/builds/dify-platform
// AI observability in practice
You can't make AI reliable if you can't see what it's doing.
This is an AI agent marketplace deployed to air-gapped OpenShift, complete with two-layer observability that lets you debug AI failures the same way you'd debug infrastructure failures. Traces. Metrics. Logs. The patterns that make infrastructure reliable, applied to AI.
Currently pitching Claude via AWS Bedrock to government leadership. This platform is where I prove that AI agents can be reliable enough for environments where failure has real consequences.
> Deployed in one day. Air-gapped. Production-ready.
// what it does
A multi-tenant marketplace where teams can build chatbots, agents, and RAG pipelines without writing code—just drag and drop components, connect to your data, and deploy.
Think Zapier meets ChatGPT, but running entirely on-prem with enterprise auth, observability, and self-hosted models.
// what users can build
Conversational AI with custom system prompts and personas
Visual multi-step pipelines with code execution nodes
Knowledge base Q&A with pgvector semantic search
Autonomous decision-making with tool orchestration
// fork enhancements
This isn't vanilla Dify. It's enterprise-hardened for air-gapped OpenShift.
| Standard Dify | This Fork |
|---|---|
| Basic API keys | Keycloak SSO + OAuth2 |
| Optional PostgreSQL | EDB + pgvector (HA) |
| No LLM observability | Langfuse (built-in) |
| Docker Compose | Helm + ArgoCD + sync-waves |
| Public SaaS | Air-gapped OpenShift |
+ pgvector
// the key to AI reliability
The key insight: AI needs two observability layers. Infrastructure metrics tell you the system is healthy. LLM traces tell you the AI is working correctly. Most platforms give you one or the other. You need both.
LLM-specific observability
- • Token usage per request
- • Cost estimation
- • Full request/response traces
- • User feedback tracking
Infrastructure observability
- • CPU/Memory usage
- • Pod health metrics
- • HTTP metrics (via OTEL)
- • Database connections
> This pattern applies to any LLM app.
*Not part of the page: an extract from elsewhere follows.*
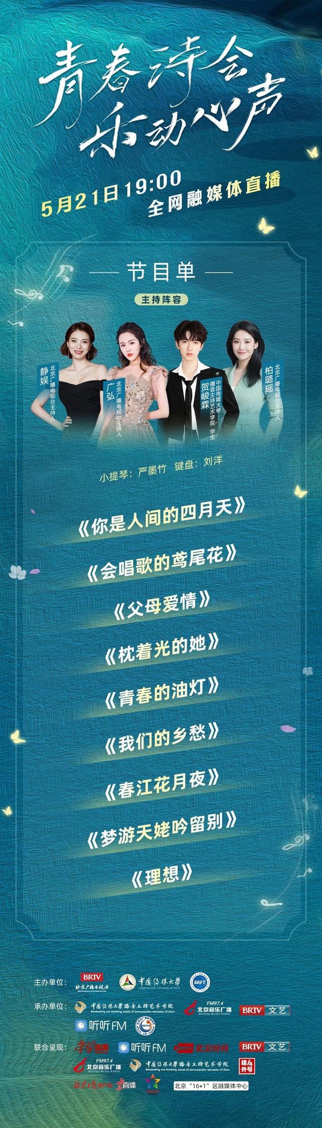 五月的梦,与青春有关! 《青春诗会·乐动心声》将于5月21日19:00,全网直播!诗乐交融,名家新秀,一起开启青春的斑斓梦境~!主持阵容:静娱、广弘、贺峻霖、柏璐瑶!

Without both layers, you're flying blind.
// sync-wave deployment
ArgoCD sync-waves orchestrate the startup order. This prevents 90% of deployment failures.
// the dogfood
The MVP is a chatbot I built for myself: a 120B self-hosted model connected to my entire vibe-coding corpus. Documentation, patterns, examples—all searchable via conversation.
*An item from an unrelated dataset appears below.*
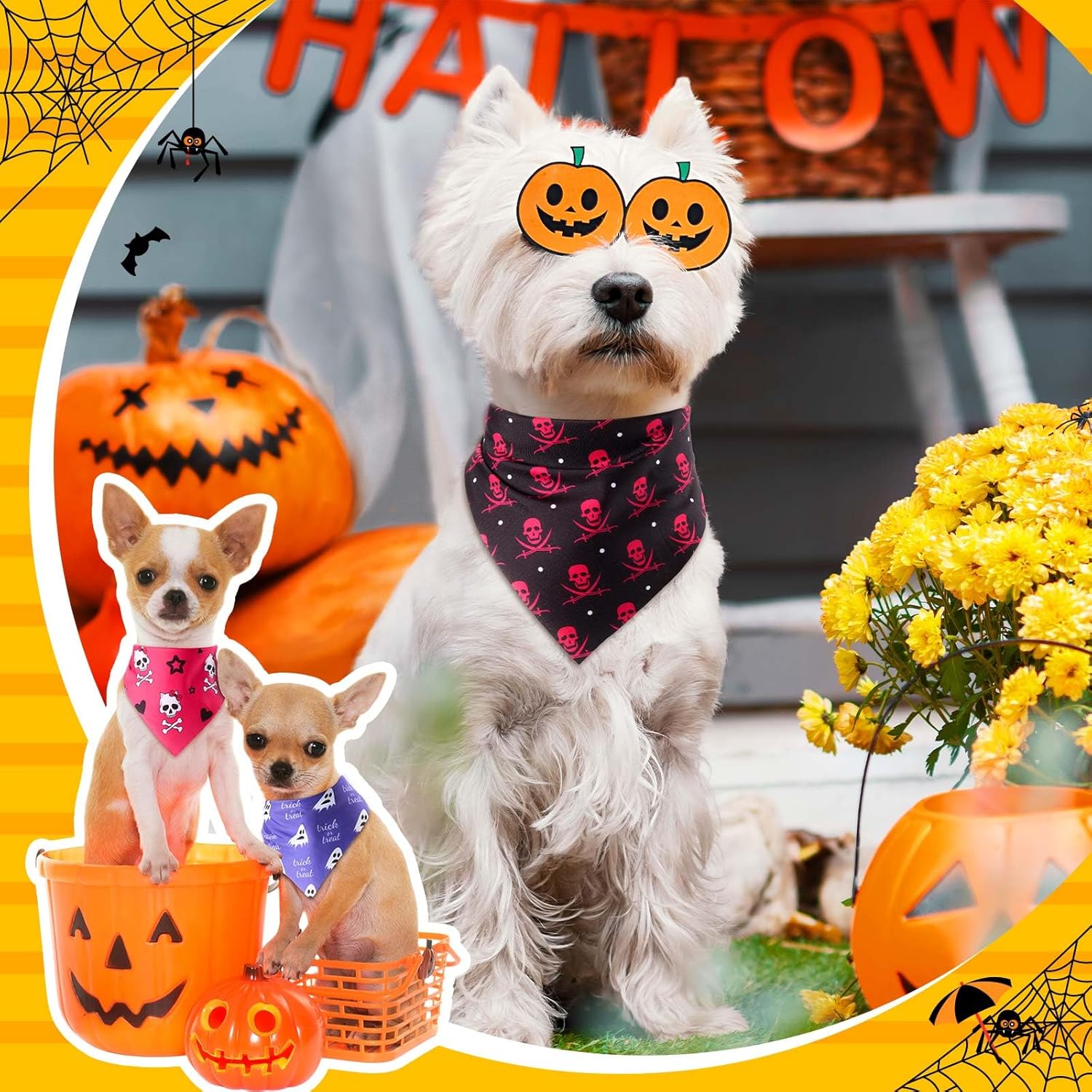 - Halloween Dog Bandanas Bulk: This bulk set includes 120 Halloween dog bandanas in 40 different styles, 3 pieces each, giving you plenty of variety for everyday wear, holiday photos, or party costumes. Share them with friends, shelters, or use as festive pet gifts

It's exposed through OpenShift routes so I can share it. The goal: help others learn vibe coding the way I wish I could have. Ask questions, get answers grounded in real patterns that actually work.
> Using my own infrastructure to spread my own methodology. That's the play.
// why this is hard
No public registries. Every container image pulled from internal Harbor. Every Helm chart vendored. Every dependency audited.
FIPS cryptography. Standard TLS libraries don't work. OpenSSL FIPS module required. Most open source projects assume you have normal crypto—Dify didn't.
OpenShift security context. No root. Arbitrary UIDs. Read-only filesystems. SecurityContextConstraints that block 90% of Docker Hub images out of the box.
Enterprise SSO. Keycloak federation to Active Directory. OAuth2 Proxy sidecars on every service. Certificate chains that go four levels deep.
// stack
This isn't a weekend project. It's observable AI infrastructure—the foundation you need before reliability is even possible.
Two-layer observability gets you visibility. You can finally see what AI is doing. Making it do the right thing consistently—that's the next problem.
> Step one: make it observable. Step two: make it reliable.